Beginning at the line that contains "La réfraction très" and finishing at the line that contains "Hardness of coating", output the data below exactly. Include both end lines and no pictures.

Records supplied: Begin

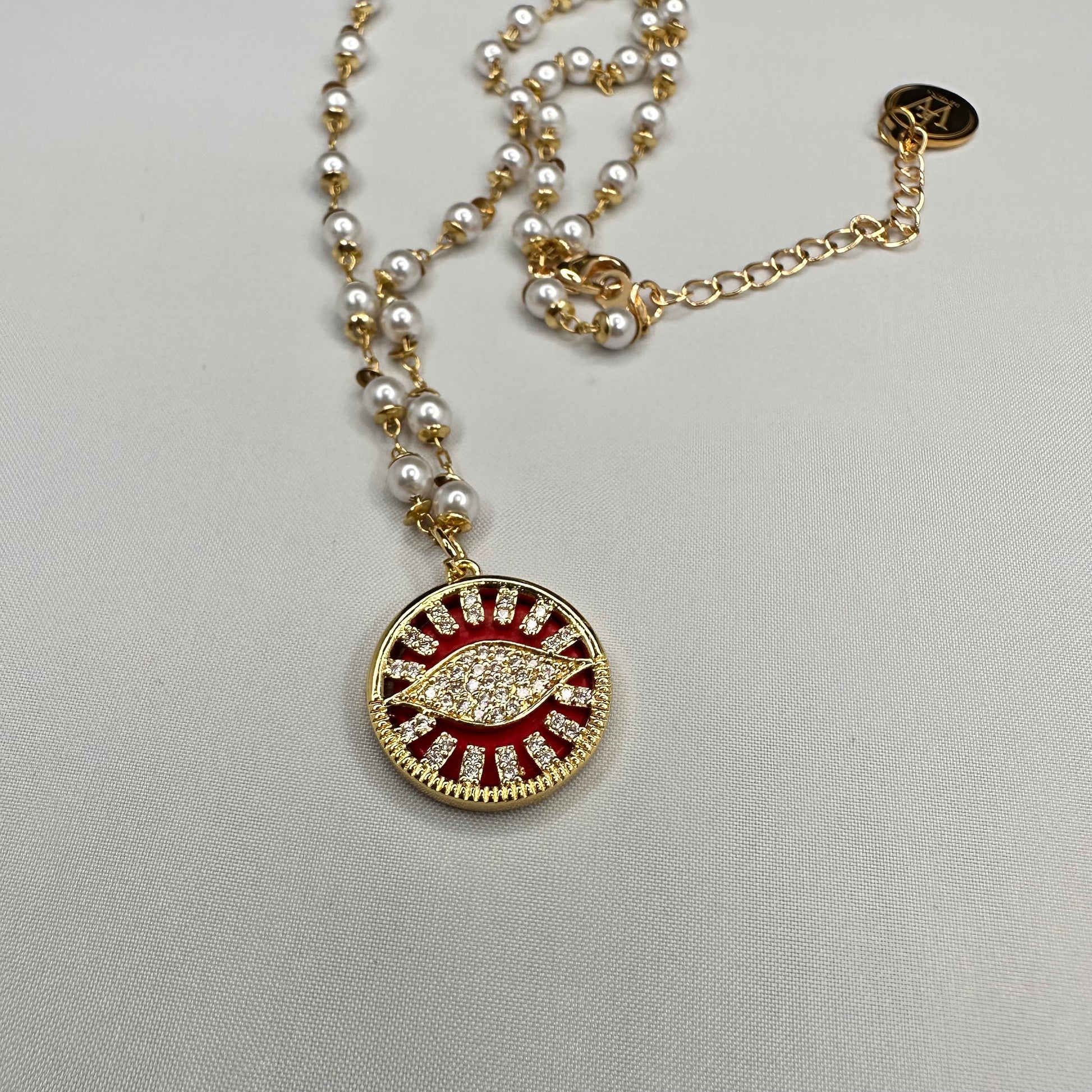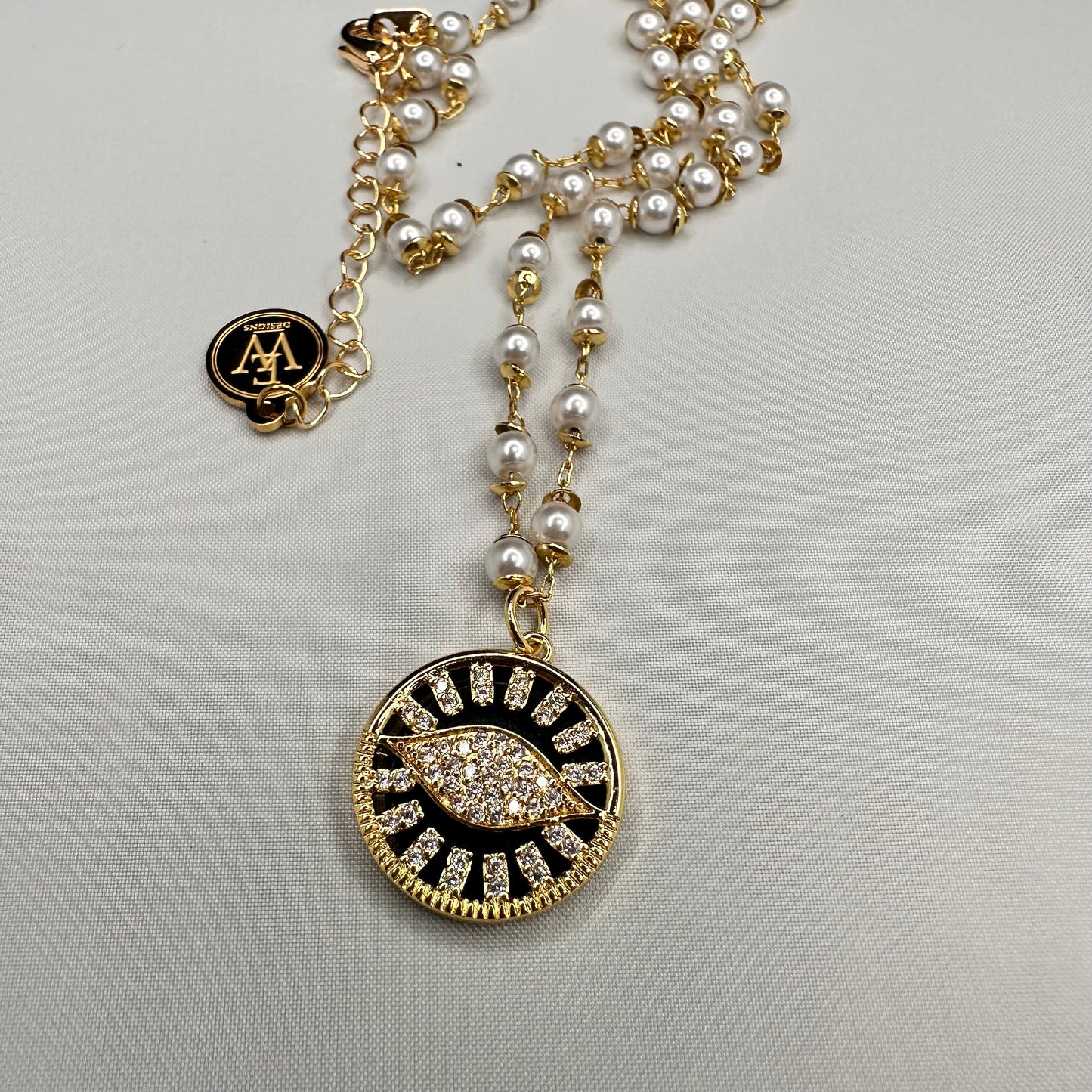 Embrace the alluring charm and positive energy of the Evil Eye with this stunning CZ pendant. With delicate faux pearls set in a dainty necklace, this piece exudes elegance and grace. Let it be a constant reminder of protection and good fortune in your life.
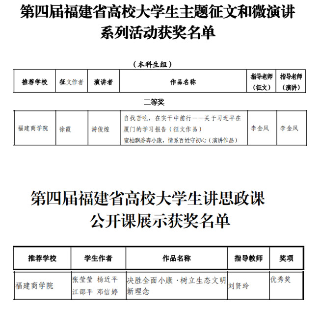 近日,省教工委公布的2020年度习近平新时代中国特色社会主义思想大学习领航计划系列主题活动中,由李金凤老师指导的“马克思主义能够给予我们什么——第四届福建省高校大学生主题征文和微演讲活动”中荣获二等奖,由刘贤玲老师指导的第四届福建省高校大学生讲思政课公开课展示活动中荣获优秀奖。具体获奖情况入下:
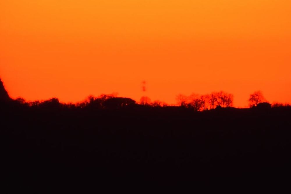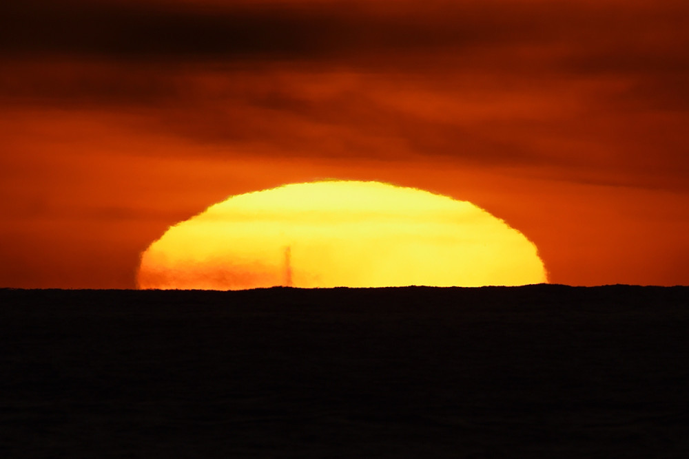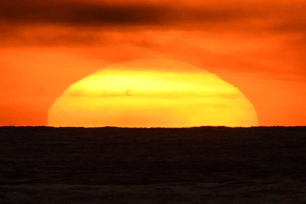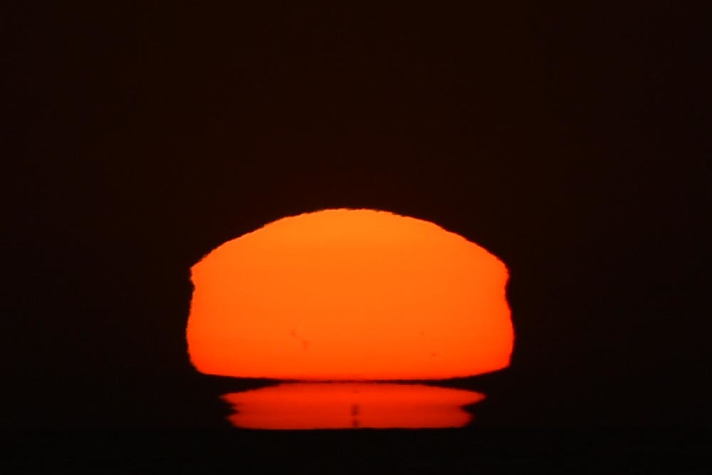 La réfraction très intense a produit un Soleil très aplati (image 3.1) et des étirements verticaux spectaculaires pour une forêt située à une centaine de kilomètres du site d'observation (image 3.2). Au cours de la descente du Soleil vers l'horizon, il est passé par un niveau de forte variation de l'indice de réfraction qui a causé un dédoublement de la tache solaire présente au centre de l'image 3.1. Les deux images de cette tache apparaissent bien dans l'image 3.2 où les fortes turbulences altèrent grandement le contour du disque solaire par rapport à 3.1. Une petite précision technique est nécessaire à propos du fait que, dans 3.2, le Soleil semble très légèrement plus large que dans 3.1. En 3.1, le Soleil était plus élevé qu'en 3.2, donc beaucoup plus brillant ce qui a nécessité, pour bien faire apparaître la tache, d'appliquer un contraste très important lors du traitement de l'image par ordinateur : les bords droit et gauche de 3.1 en ont été atténués, faisant paraître le Soleil moins large que dans 3.2.
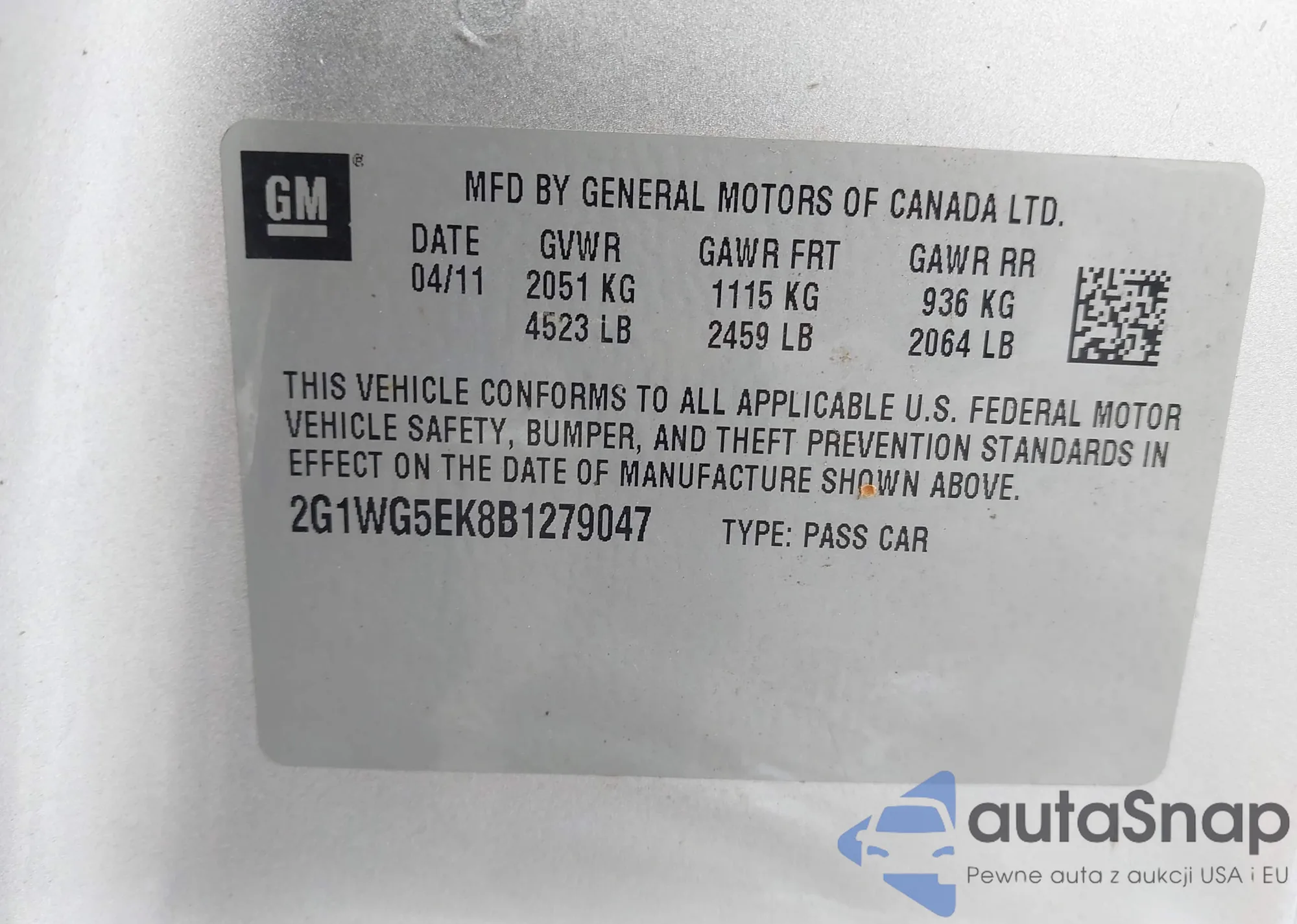 • VIN: 2G1WG5EK8B1264791
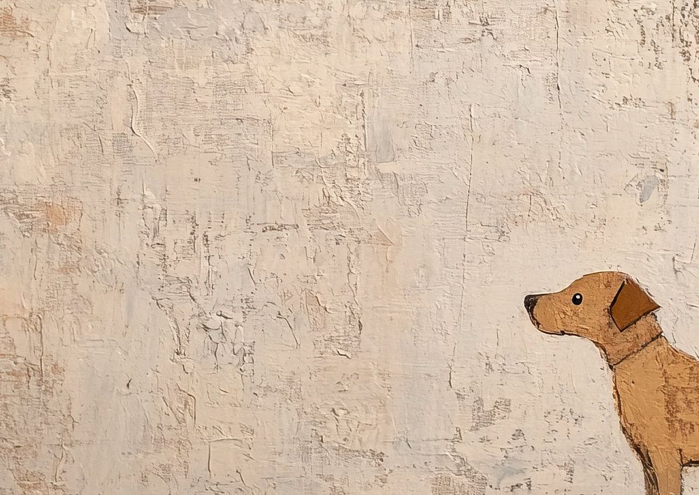 Hund | Hund auf Erdtönen - Dieses Gemälde zeigt einen niedlichen Hund, der mit neugierigem Blick nach links schaut, vor einem Hintergrund in Erdtönen von Beige und Off-White, typisch für moderne abstrakte Kunst.
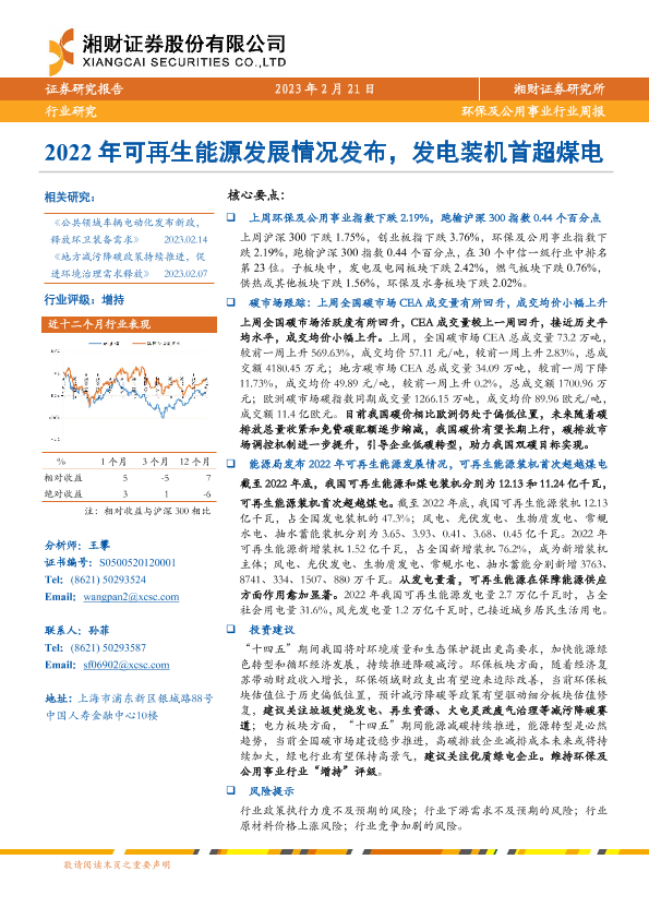 【湘财证券】【20230221】2022年可再生能源发展情况发布,发电装机首超煤电-15页
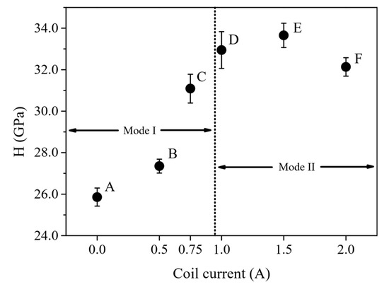 Hardness of coating as a function of coil current. Letters (A–F) indicate sample labeling (see Table 1).
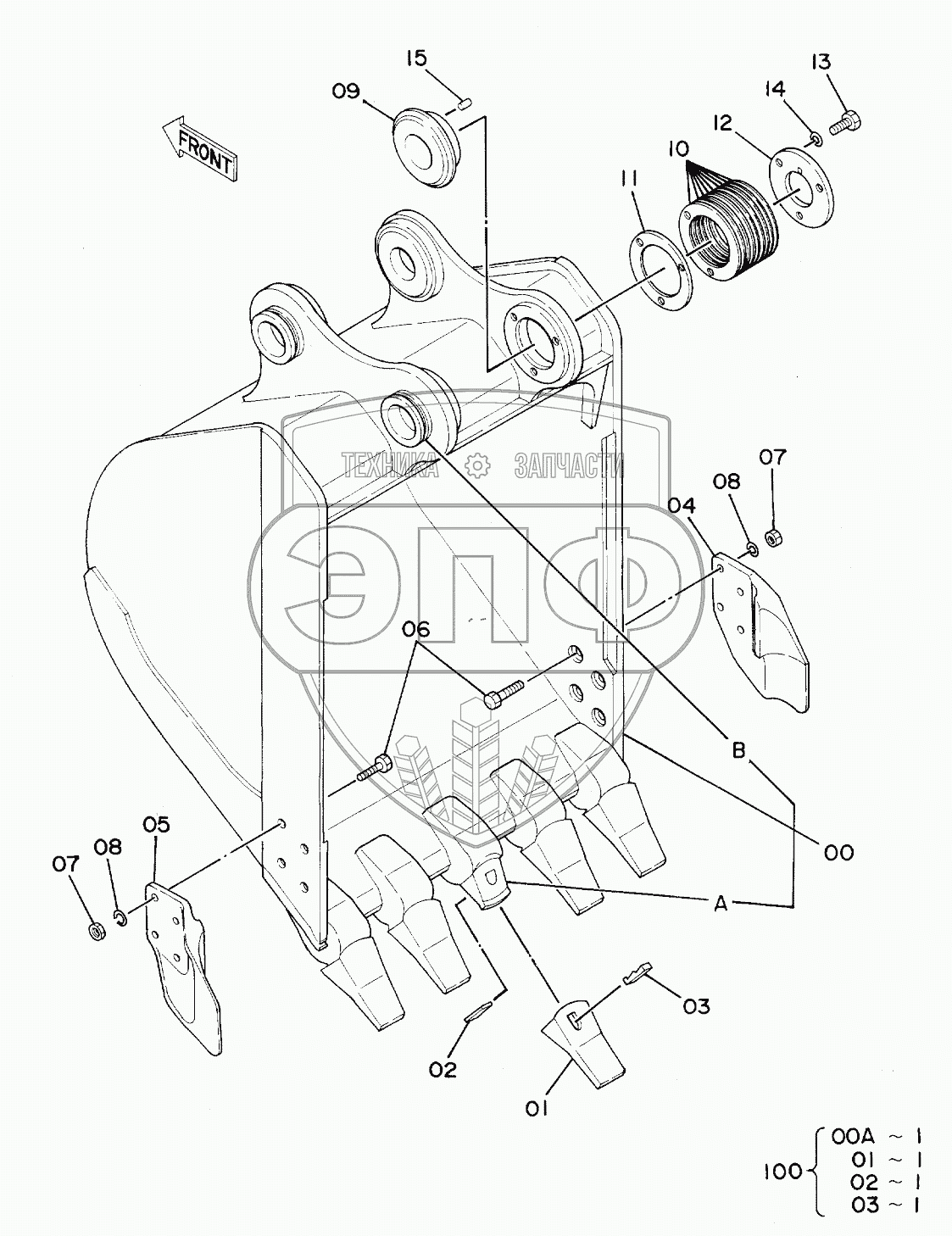 Каталог запасных частей к технике: Hitachi EX-160WD. BUCKET 0.55

Records supplied: End

Result:
 La réfraction très intense a produit un Soleil très aplati (image 3.1) et des étirements verticaux spectaculaires pour une forêt située à une centaine de kilomètres du site d'observation (image 3.2). Au cours de la descente du Soleil vers l'horizon, il est passé par un niveau de forte variation de l'indice de réfraction qui a causé un dédoublement de la tache solaire présente au centre de l'image 3.1. Les deux images de cette tache apparaissent bien dans l'image 3.2 où les fortes turbulences altèrent grandement le contour du disque solaire par rapport à 3.1. Une petite précision technique est nécessaire à propos du fait que, dans 3.2, le Soleil semble très légèrement plus large que dans 3.1. En 3.1, le Soleil était plus élevé qu'en 3.2, donc beaucoup plus brillant ce qui a nécessité, pour bien faire apparaître la tache, d'appliquer un contraste très important lors du traitement de l'image par ordinateur : les bords droit et gauche de 3.1 en ont été atténués, faisant paraître le Soleil moins large que dans 3.2.
 • VIN: 2G1WG5EK8B1264791
 Hund | Hund auf Erdtönen - Dieses Gemälde zeigt einen niedlichen Hund, der mit neugierigem Blick nach links schaut, vor einem Hintergrund in Erdtönen von Beige und Off-White, typisch für moderne abstrakte Kunst.
 【湘财证券】【20230221】2022年可再生能源发展情况发布,发电装机首超煤电-15页
 Hardness of coating as a function of coil current. Letters (A–F) indicate sample labeling (see Table 1).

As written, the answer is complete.